I do not know if it is OK to ask here of if I should start a new thread...

as I'm taking into account to buy a second hand SD1104X-E I'd like to know if any of you is aware of any hardware revision during the last year.

thanks
 

Offline Rerouter

  • Super Contributor
  • ***
  • Posts: 3815
  • Country: au
  • Question Everything... Except This Statement
Re: Unlocking Siglent SDS1104X-E, step by step
« Reply #81 on: December 30, 2018, 07:52:02 pm »
yep, 04 as of the last month, no significant changes to functionality has been observed.

03 I can only speak of back to mid july, when my unit was made. it appears the FPGA code was compiled for 03 on the 7th of march 2018, so 02 likely was from before this date.
« Last Edit: December 30, 2018, 07:56:35 pm by Rerouter »
 
The following users thanked this post: not1xor1

Offline gamerpaddy

  • Contributor
  • Posts: 7
  • Country: de
Re: Unlocking Siglent SDS1104X-E, step by step
« Reply #82 on: December 31, 2018, 04:46:18 am »
Hello, i applied this Unlock (ProMode) to my 1104x-e, works great (havent tested the extra features)
But i noticed a bug(?)

I did some decoding a month ago, then i turned it off, unplugged the scope and put it on a shelf.
A month later i plugged it back in, booted it up.  it was dead slow.  time between action and reaction was like a minute. totally locked up
even after reboot.

Only fix was to hit the default button.

Did anyone notice this without the hack applied?  Could it be the Production Mode im in?
 

Offline booyeah

  • Newbie
  • Posts: 4
  • Country: ie
Re: Unlocking Siglent SDS1104X-E, step by step
« Reply #83 on: December 31, 2018, 08:27:14 am »
I followed plurns and vt100's posts as regards dumping memory to a usb and then looking through the dump in a hex editor.

Worked perfectly to recover all the codes.
Thanks a million.
 
The following users thanked this post: plurn

Offline essele

  • Contributor
  • Posts: 47
  • Country: gb
Re: Unlocking Siglent SDS1104X-E, step by step
« Reply #84 on: January 04, 2019, 07:19:11 pm »
I received my scope last night, and managed to get everything sorted nicely, however there were a few things that weren't quite as some other people seem to have found them, it was already running the latest firmware (6.1.26), not sure if that's the reason.

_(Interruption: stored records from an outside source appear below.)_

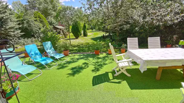 A konyhából és a hálószobából közvetlen kijárat van a tágas kertkapcsolatos 49,10 m2-es teraszra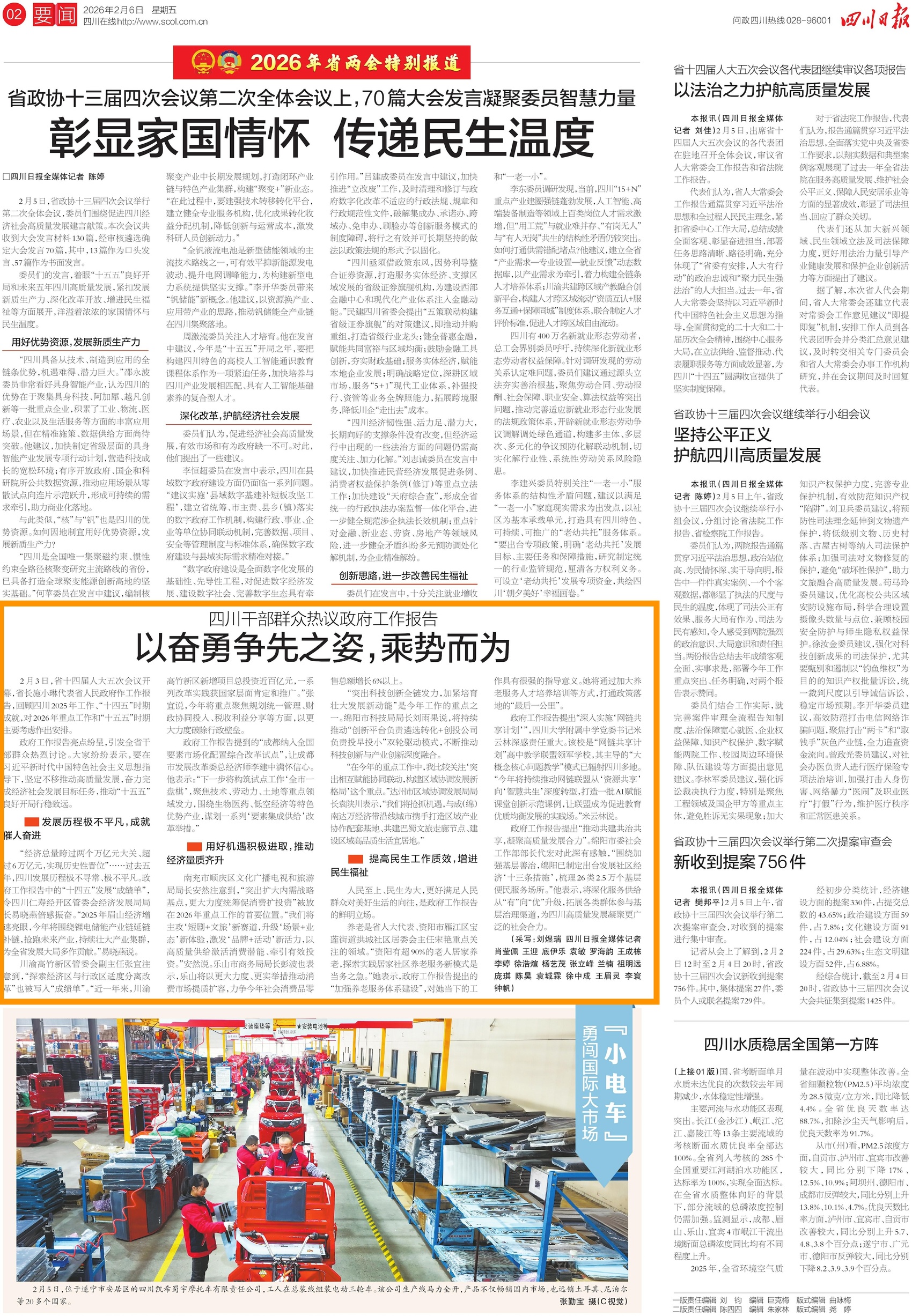 此外,在对政府工作报告的热议中,四川仁寿经开区管委会经济发展局局长易晓燕的感悟,道出了眉山基层干部的心声。在她看来,2025年眉山经济增速亮眼,成功跨入“2000亿俱乐部”。今年,仁寿县将着重内外兼顾,围绕锂电储能产业链延链补链,抢跑未来产业,持续壮大产业集群,为全省发展大局多作贡献。这不仅是个人感悟,更是眉山立足新起点、展现新作为的坚定决心与实干路径。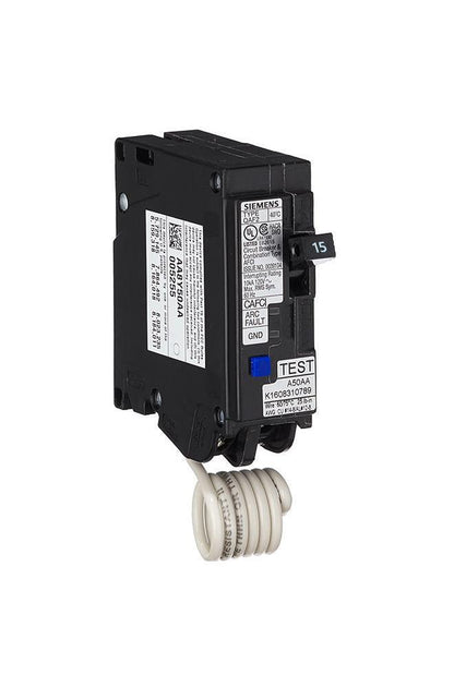Siemens QA115AFCCSA 15 Amp 1-Pole Combination Arc Fault Circuit Breaker (AFCI) is a reliable solution for protecting your electrical circuits from potential arc faults and fire hazards. Designed for compatibility with Siemens Type 'EQ, EQL, SEQ, EQG Loadcenters, this breaker features an LED trip indicator and a center-trip position for added convenience.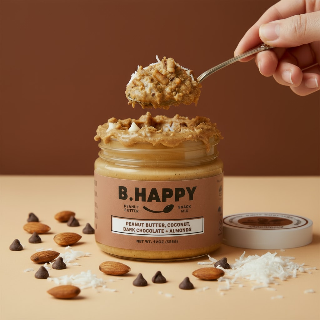 Honey Roasted Peanuts (peanuts, sugar, honey, vegetable oil, salt, modified food starch, maltodextrin and xanthan gum), coconut (contains sulfites, powdered sugar, cornstarch, water propylene glycol, salt), dark chocolate chips (sugar, chocolate, milkfat, cocoa butter, soy lecithin, natural flavors), almonds, peanut oil.

1. I didn't need to use a special copy of bash to get a core dump, the stock bash worked exactly the same as the special one (however see 2.)
2. The core dump didn't contain the required information, it was only about 200meg, so quite a bit smaller than other examples shown here (and smaller than the 250meg memory dump.)
3. Restarting the sds1000b process didn't work properly, a few errors and the scope was unusable, so I suspect this is the reason it didn't contain the right data.

So I resorted to a much simpler way as described by some other posters...

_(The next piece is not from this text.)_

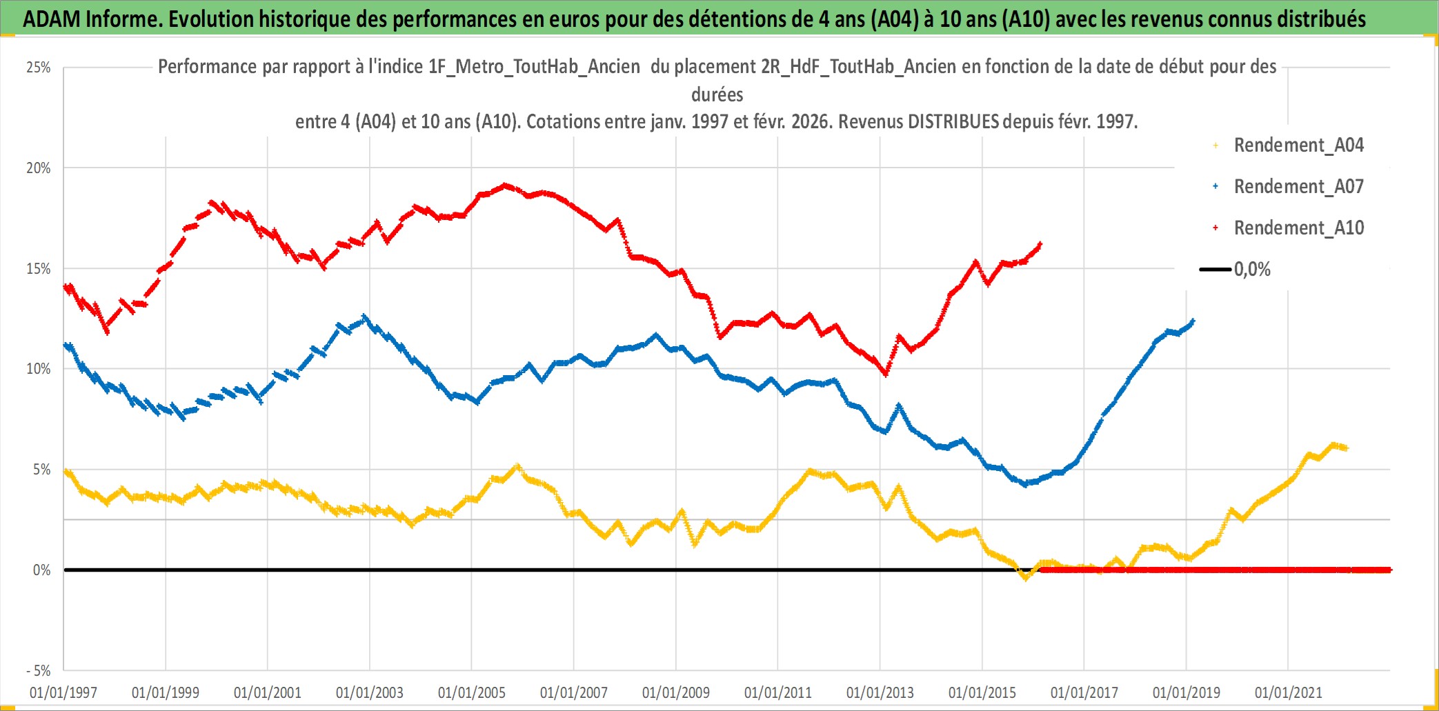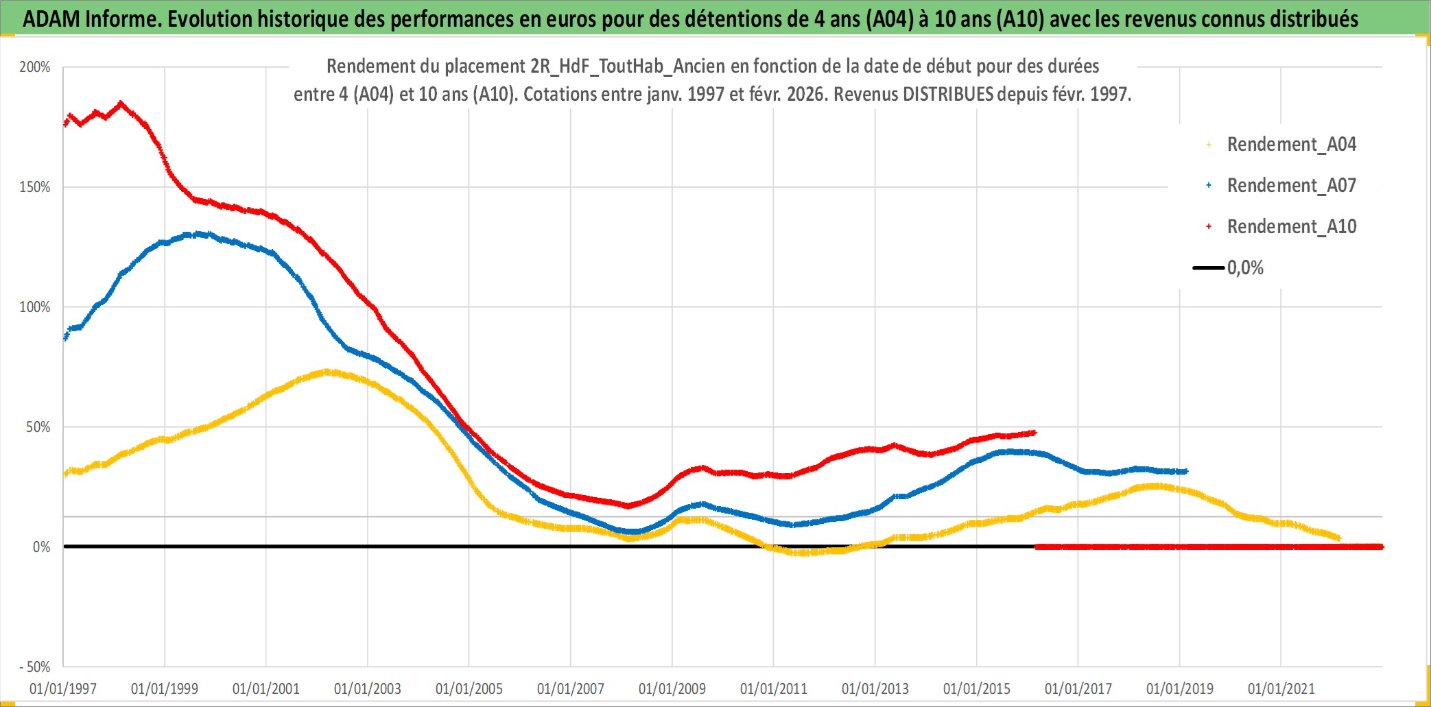 Site dédié aux investisseursPage dédiée sur site financeAnalyse des valorisations hebdomadaires de l'actif 2R_HdF_ToutHab_Ancien. Cet actif est cote en EUR. Les valorisations couvrent les semaines 1997W01 a 2026W09. Les loyers de cet actif immobilier sont pris egaux a 3,33% annuels de la valeur venale du logement.

1. Use "SHELLCMD telnetd -l/bin/sh -p9999" to start an unauthenticated telnet server.
2. Connect to the scope using "telnet <ipaddress> 9999"
3. Insert a USB stick
4. Dump memory to the stick using "cat /dev/mem > /usr/bin/siglent/usr/mass_storage0/U-disk/memdump"
5. Pull the stick (I ran "sync" first, but I'm a legacy unix guy, need to see if that's really necessary), otherwise cleanly unmounting would be better.
5. Use a hex editor to find the keys as per post 39, from about step 20 onwards ... which worked perfectly, no obvious issues with the page ordering making it difficult to find things.)

It took about 10 mins start to finish once I'd decided to go the /dev/mem route.

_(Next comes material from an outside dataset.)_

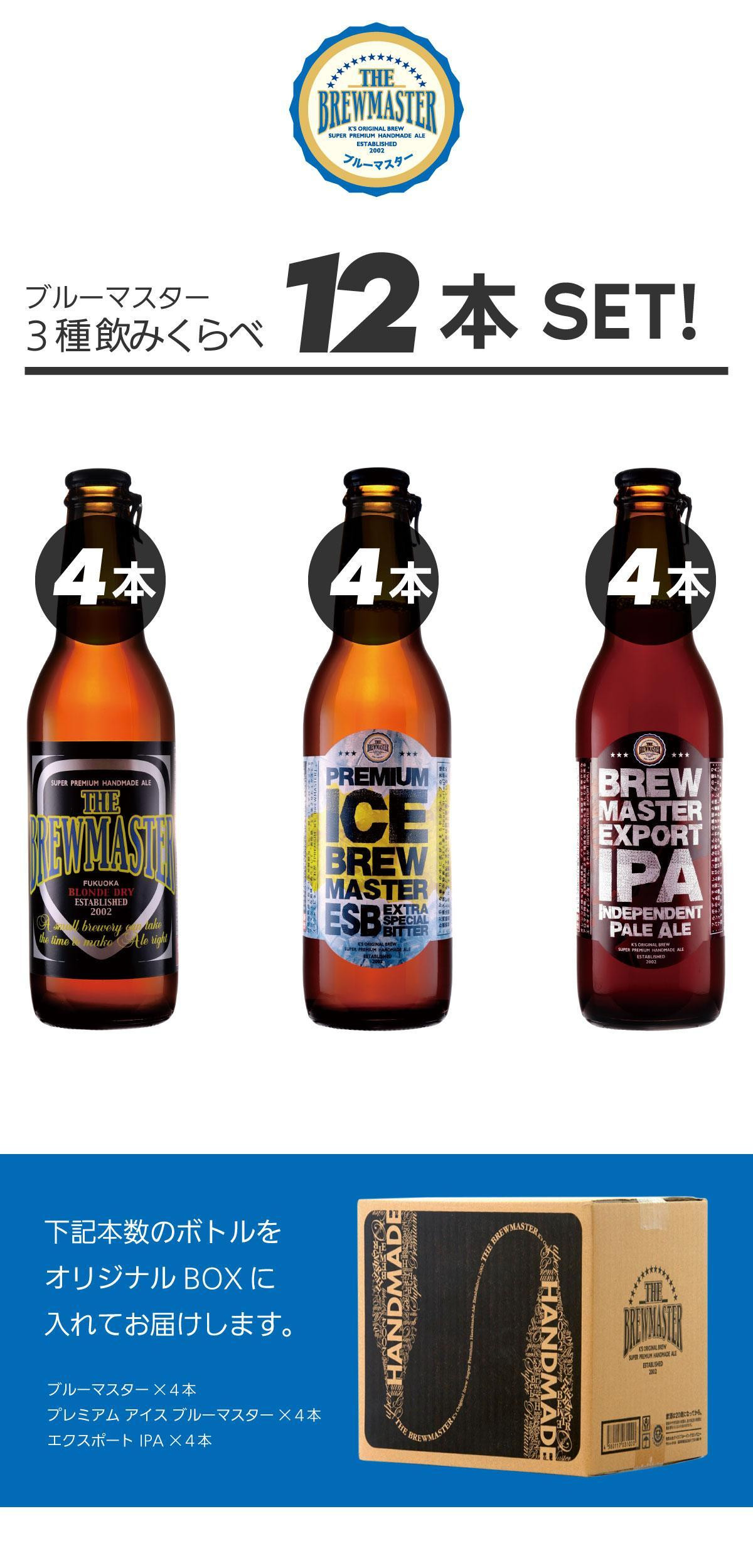 福岡市発クラフトビール ブルーマスター スタンダード3種x4本 330ml×12本セット

You could make it even simpler by using "SHELLCMD cat /dev/mem > /usr/bin/siglent/usr/mass_storage/U-disk0/memdump.bin" as per post 54, but then you don't really know when it's done, it seemed easier having a command line ... and it's always nice to have a look around.

What a nice scope ... this was an upgrade for me from a DS1052E, so it's fantastic! Thanks to all for providing this info!
 
The following users thanked this post: TheNewLab, jack-daniels

Offline vt100

  • Contributor
  • Posts: 15
  • Country: af
Re: Unlocking Siglent SDS1104X-E, step by step
« Reply #85 on: January 05, 2019, 01:03:04 am »
1. I didn't need to use a special copy of bash to get a core dump, the stock bash worked exactly the same as the special one (however see 2.)

a core dump is substantially smaller than an entire memory dump. With the core dump you're only going to get the memory associated with the running task, compared the memdump, where you'll get all the scope's memory.

Its curious you didn't find the keys in the core dump.... the only thing I can think of, is, perhaps, you took the core dump prior to the sds1000b process creating the keys within its memory pages (there is logic in the scope app to generate the keys using the scopeid and serial # to check against the licensed options, they are not hard-coded in the scope app) so if you took a core dump prior to that routine executing (and at what point it runs, who knows). I'd be interested in taking a look at the core dump if you'd be willing to share it.

Quote
You could make it even simpler by using "SHELLCMD cat /dev/mem > /usr/bin/siglent/usr/mass_storage/U-disk0/memdump.bin" as per post 54, but then you don't really know when it's done, it seemed easier having a command line ... and it's always nice to have a look around.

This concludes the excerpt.